Nun wird der Espresso aus dem Kännchen in eine Cappuccinotasse gegossen, mit einem energischen Schwung folgt die Milch und bildet das Fundament. Im Optimalfall fließt sie unter die Kaffeecrema. Kurz den Milchfluss stoppen, dann einen Punkt gießen und mit Schwung eine Linie darüber ziehen, fertig ist das Herz. Der Abstand zwischen Milchkännchen und Tasse beeinflusst dabei das Bild.

Zu Beginn überwiegt die Furcht, zu viel Milch in die Tasse zu schütten

Beim ersten Durchgang hält Jan Sengenberger Tasse und Kännchen gemeinsam mit den Teilnehmern. Bei den selbstständigen Versuchen stellt sich heraus – gar nicht so einfach. Beherzt muss man sein. Zu Beginn überwiegt die Furcht, zu viel Milch in die Tasse zu schütten und sie so zum Überlaufen zu bringen. Tatsächlich kommt das nur einmal vor.

Doch Übung macht den Meister. Die Herzen nehmen immer mehr Form an. Die Tassen mit den Kunstwerken sammeln sich auf der Arbeitsplatte. Vor lauter Eifer vergessen die drei ganz das Trinken. Hoch konzentriert sind sie dabei. Bald ist das Café erfüllt von köstlichem Kaffeearoma. Tasse um Tasse füllt sich, es klappt immer besser mit den Bildern, nun versucht man sich an der Tulpe. Der Ehrgeiz ist geweckt, die drei mögen gar nicht mehr aufhören. „Ich krieg langsam ein Gefühl dafür“, frohlockt Sylvie Kramer. „Der Schaum hat ein richtiges Eigenleben“, findet Regina Schöller.

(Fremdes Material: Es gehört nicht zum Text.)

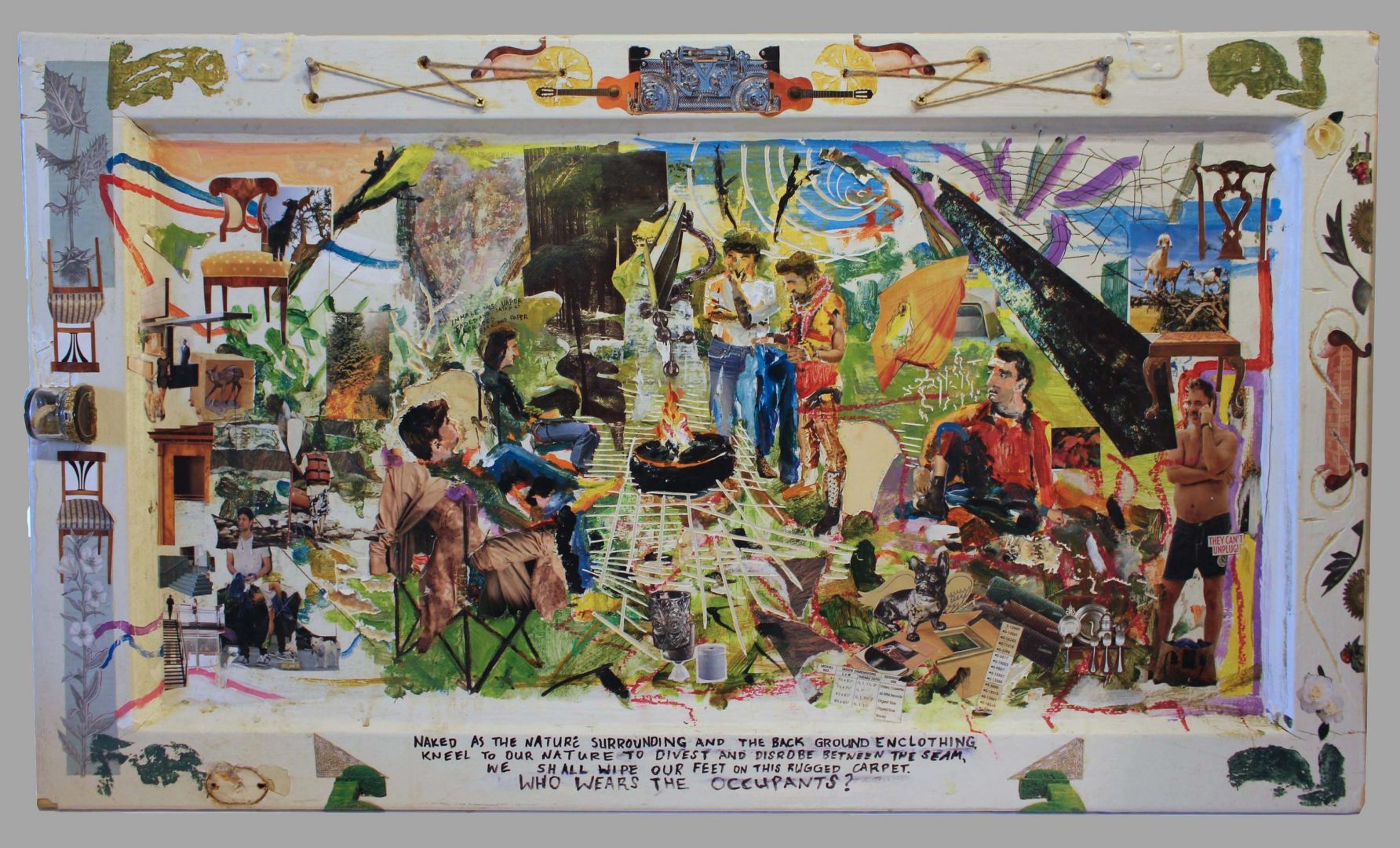 I usually describe my work as mixed-media collage: it’s the biggest umbrella that fits my mix of found images, and objects, with my own painting, printmaking and writing. My work has a home-spun feel to it, but still opens up little worlds of my own imagination.

Gut zweieinhalb Stunden wird gemahlen, gepresst, geschäumt, gemalt. Zum Abschluss führt Jan Sengenberger noch vor, wie im Lille Bønne Latte macchiato gereicht wird. Milch aufschäumen, entlang des Glasrands einfüllen, den Espresso in einer Linie einfüllen und mit einer speziellen Nadel nach links, rechts und durch die Mitte ziehen. Ein florales Muster, das auch den Eleven auf Anhieb gelingt. Nur wenig Kaffee wurde tatsächlich getrunken, doch die Teilnehmer haben vorgesorgt und Thermoskannen mitgebracht. „Als Würfel einfrieren“, empfiehlt der Spezialist, denn: „Das ist optimal für Eiskaffee.“

Die Kunst des Malens mit Crema di Latte

Etwas für Fortgeschrittene ist das florale Muster.

Die Kunst des Malens mit Crema di Latte

Die aufgeschäumte Milch optimal einzugießen wird geübt.

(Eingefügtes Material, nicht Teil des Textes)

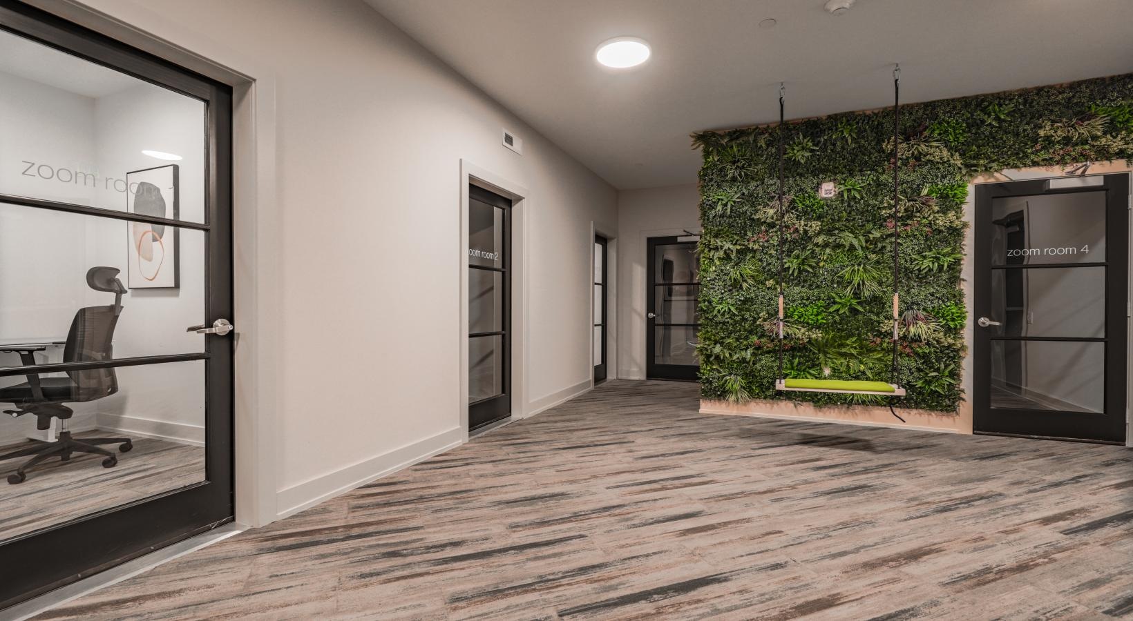 • a room with a wood floor and a wood floor with a door and a glass wall with a

Wichtig ist der Proteingehalt

Meisterschaften Amtierender deutscher Meister bei den Meisterschaften der Specialty Coffee Association (SCA) in der Disziplin Latte Art ist Daniel Gerlach aus Bamberg. Auf der Homepage der SCA Germany heißt es: „Eine objektive Bewertung der Leistung der Latte Artisten wird durch eine fachkundige Jury vorgenommen, die neben dem Aussehen der Getränke auch die technische Seite beleuchtet, also ob die Baristi auf dem Weg zum Kunstwerk in der Tasse ihr Handwerkszeug perfekt beherrschen. Alles in allem fließen in das Gesamturteil über vierzig Seiten Regelwerk mit ein.“

Milch und Milchalternativen „Es lässt sich alles schäumen“, weiß der Experte, so auch mit Milchalternativen. Wichtig sei vor allem der Proteingehalt. Welche Art von Milch man schlussendlich auswählt, sei vor allem eine Geschmacksfrage. „Milch und Milchkännchen sollten vor Beginn jedoch kalt sein“, empfiehlt er. Besitzt man keine Maschine mit Dampfdüsen, dann lässt sich auch mithilfe der French-Press-Methode ein Milchschaum erzeugen, den man zum Malen verwenden kann.